Storage slowness
Incident Report for Flying Circus
Resolved
This incident has been resolved.
Posted 2 months ago. Aug 17, 2017 - 07:16 CEST
Update
Sorry for the terse communication up until now. Stabilising the situation required our full attention.

We have currently achieved a temporary stable state that will require another maintenance window which we will start at 22:00 CEST tonight.

The trigger we found were issues in the network stack that caused issues when new TCP connections were opened from the virtual machine to the storages. Those connection attempts experienced extremely high timeouts and thus caused the VMs to have troubles accessing all or some of their disks.

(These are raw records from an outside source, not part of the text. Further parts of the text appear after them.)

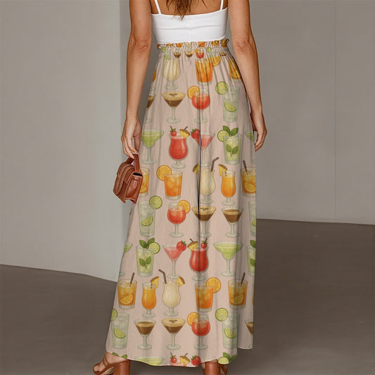 Mixed Drinks Women's Ruffled Wide-Leg PantsTropical Vacations Elegant & Comfortable Flare Pants
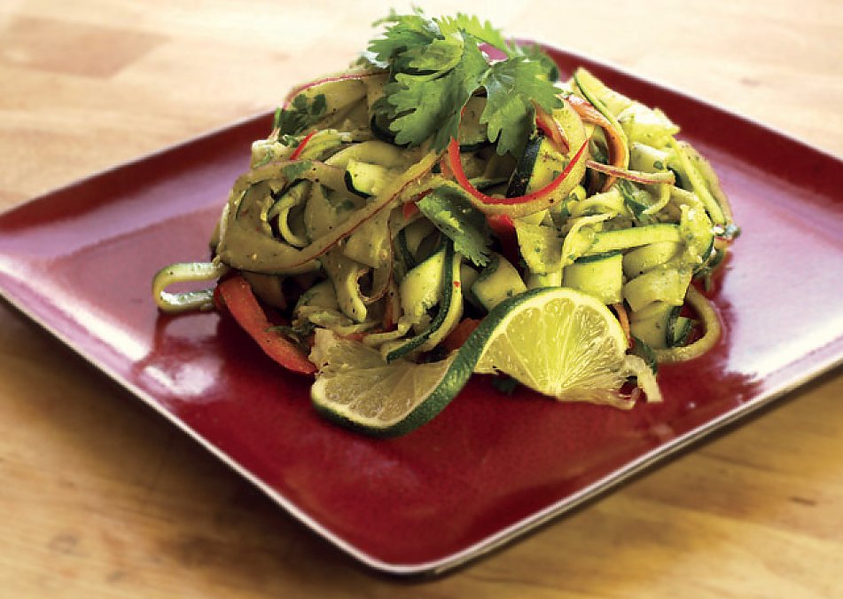 3. Coarsely mince the reserved cilantro and mix into the pesto. Pour onto the ‘pasta’ and toss to coat.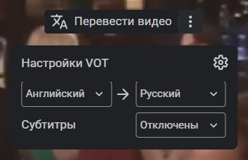 После этого перезагрузите Chrome, и теперь при воспроизведении ролика в YouTube при наведении мышки на ролик будет появляться небольшая панель, в которой можно нажать на три точки меню и выбрать голосовой перевод и/или перевод субтитрами.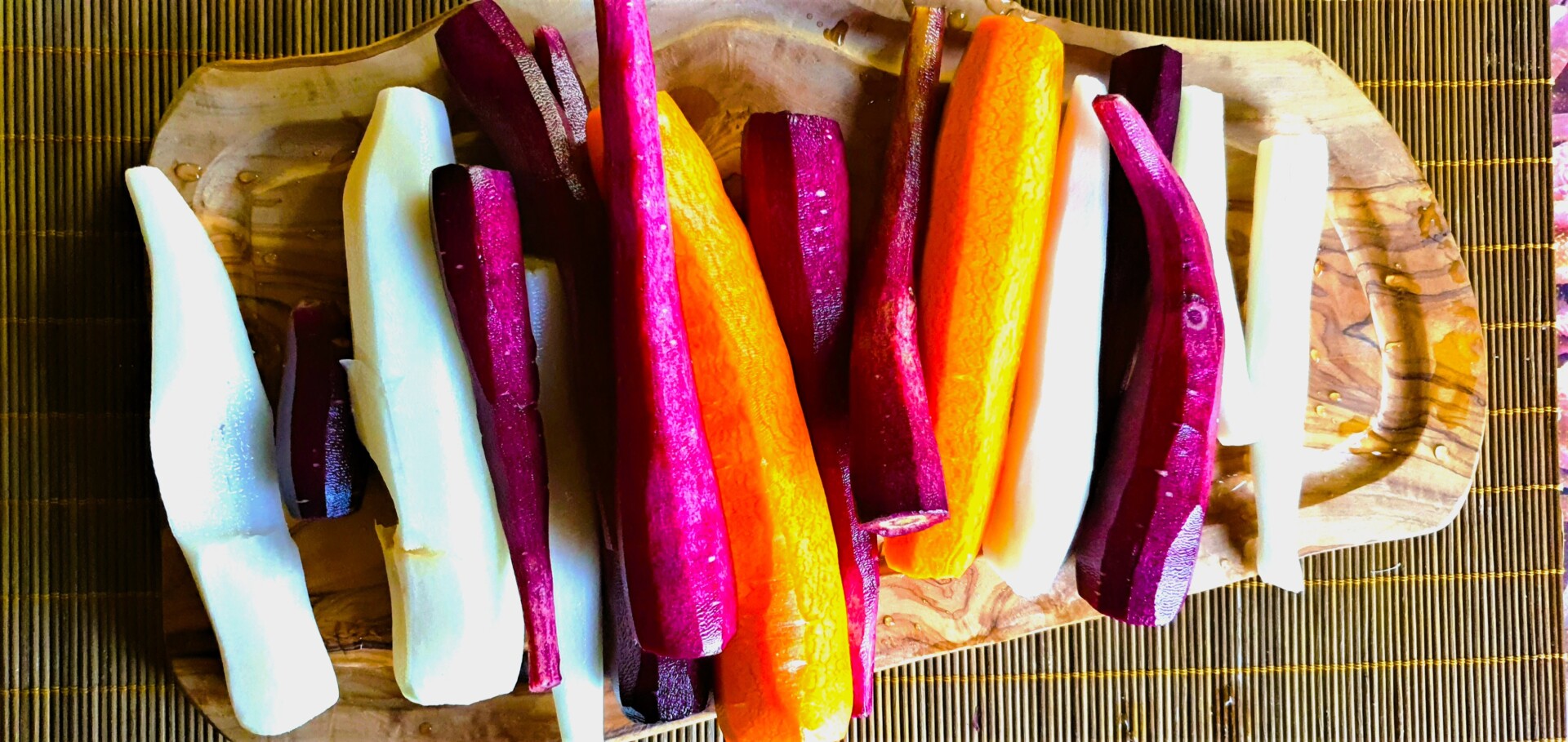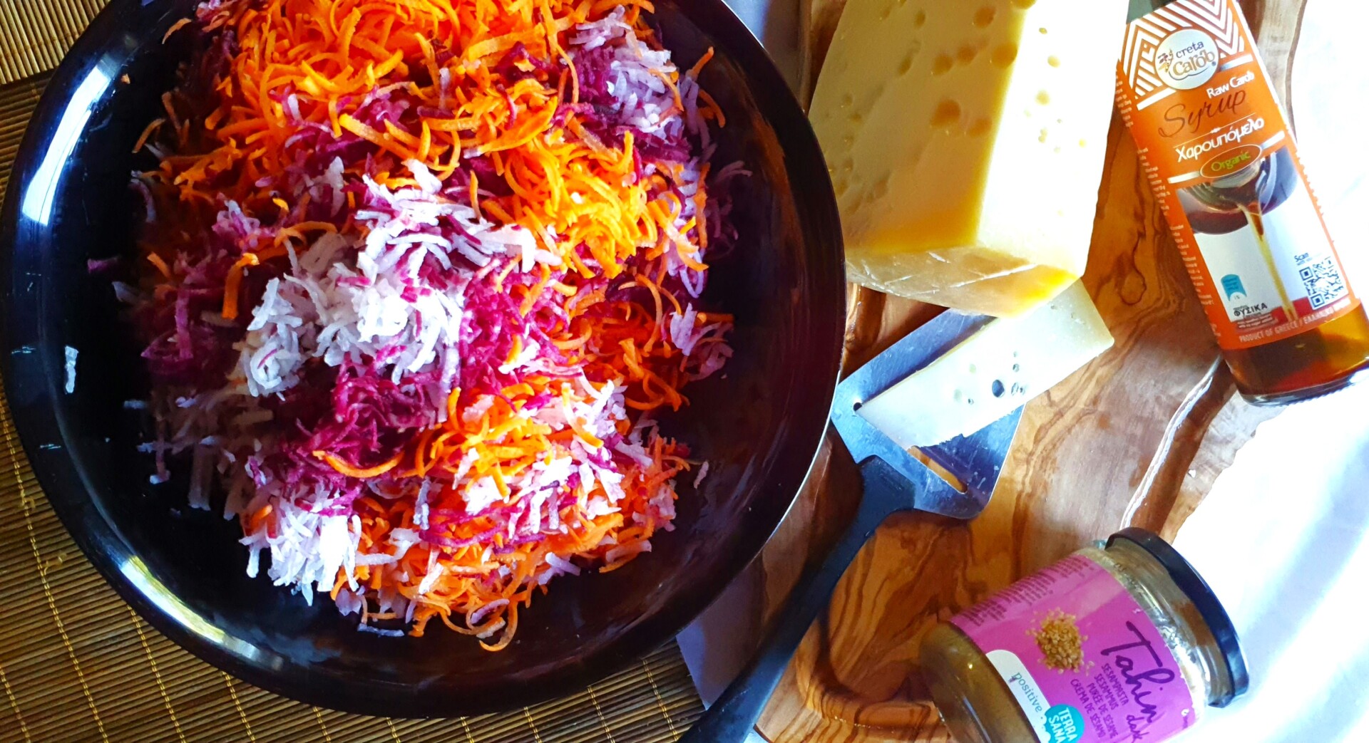 Padažui: ½ svogūno (60g) , 1 v.š. carob syrup, 20 g apelsinų sulčių, 1 v.š sezamų pastos arba riešutų sviesto be cukraus, 3 v.š. citrinos sulčių, 4 v.š. alyvuogių aliejaus, ½ a.š. druskos, žiupsnis pipirų.

The issue arose on multiple storage servers affecting varying numbers of virtual machines after a configuration update to the network config was applied on the storage servers. This configuration change was - after carefully testing it including on a single production server - incorrectly classified for "in service maintenance". We stopped the application of the update for now but will have to finish the change later tonight. We are taking precautions to limit the impact of the remaining changes, but might cause another period of up to 15 minutes of storage slowness.
Posted 2 months ago. Aug 16, 2017 - 20:23 CEST
Monitoring
The situation has stabilised now. We are still trying to identify the root cause.
Posted 2 months ago. Aug 16, 2017 - 20:06 CEST
Update
There is some sort of networking issue.
Posted 2 months ago. Aug 16, 2017 - 19:57 CEST
Update
We could not yet identify the cause of the problem. Currently some VMs are blocked due to storage access for some time and come back after some time.
Posted 2 months ago. Aug 16, 2017 - 19:23 CEST
Investigating
For some yet unknown reason some storage requests are very slow.
Posted 2 months ago. Aug 16, 2017 - 18:54 CEST